__Brief__.
Given the records underneath, please repeat exactly the lines from the line with "Általános mechanikus nyomáskapcsoló" through the line with "Copiii cu vârsta", passing over any picture.

__Study material__.
_ _ _ _ _ _ _

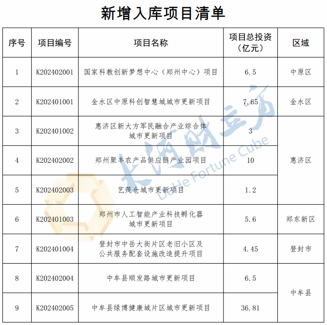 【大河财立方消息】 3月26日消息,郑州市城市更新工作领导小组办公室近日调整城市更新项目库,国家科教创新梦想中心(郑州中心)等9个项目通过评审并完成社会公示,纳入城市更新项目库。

_ _ _ _ _ _ _

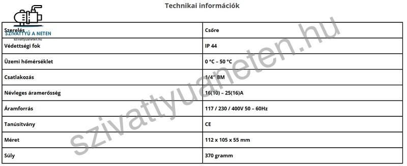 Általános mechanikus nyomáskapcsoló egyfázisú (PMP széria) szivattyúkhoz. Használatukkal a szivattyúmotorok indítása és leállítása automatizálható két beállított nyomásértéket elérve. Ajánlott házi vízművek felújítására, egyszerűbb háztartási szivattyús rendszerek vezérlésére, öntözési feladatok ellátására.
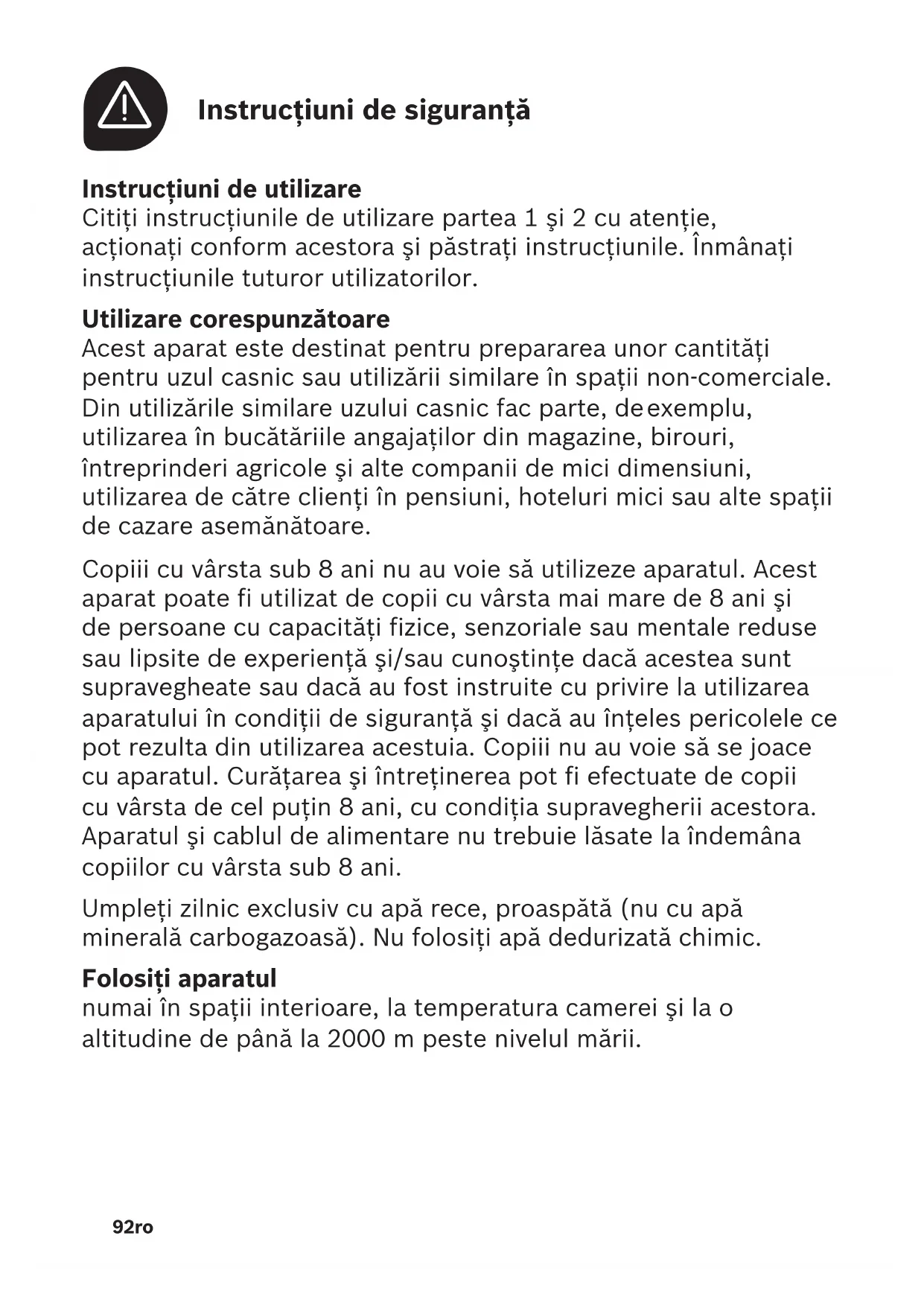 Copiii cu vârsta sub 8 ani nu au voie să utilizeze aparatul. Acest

_ _ _ _ _ _ _

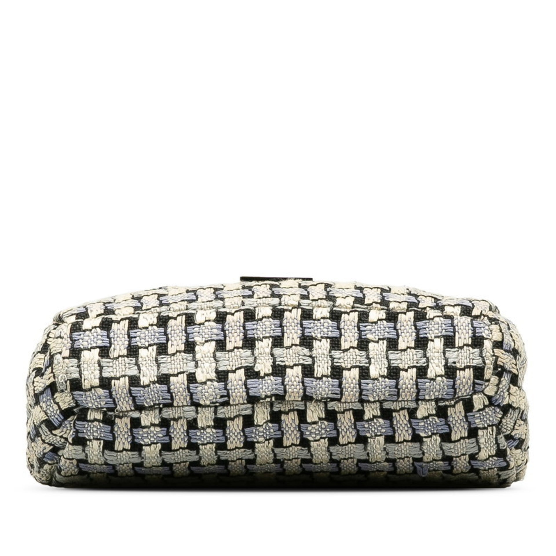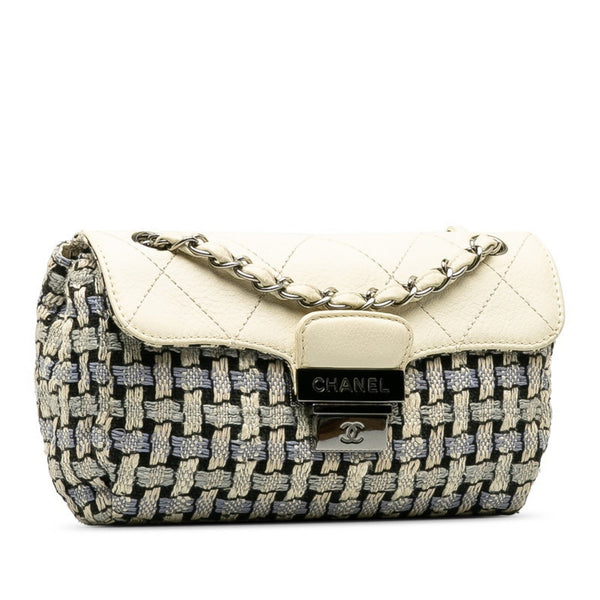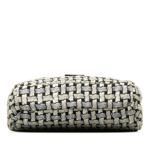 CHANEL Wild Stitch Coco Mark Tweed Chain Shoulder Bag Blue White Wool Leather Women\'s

_ _ _ _ _ _ _

__Written reply__.
 Általános mechanikus nyomáskapcsoló egyfázisú (PMP széria) szivattyúkhoz. Használatukkal a szivattyúmotorok indítása és leállítása automatizálható két beállított nyomásértéket elérve. Ajánlott házi vízművek felújítására, egyszerűbb háztartási szivattyús rendszerek vezérlésére, öntözési feladatok ellátására.
 Copiii cu vârsta sub 8 ani nu au voie să utilizeze aparatul. Acest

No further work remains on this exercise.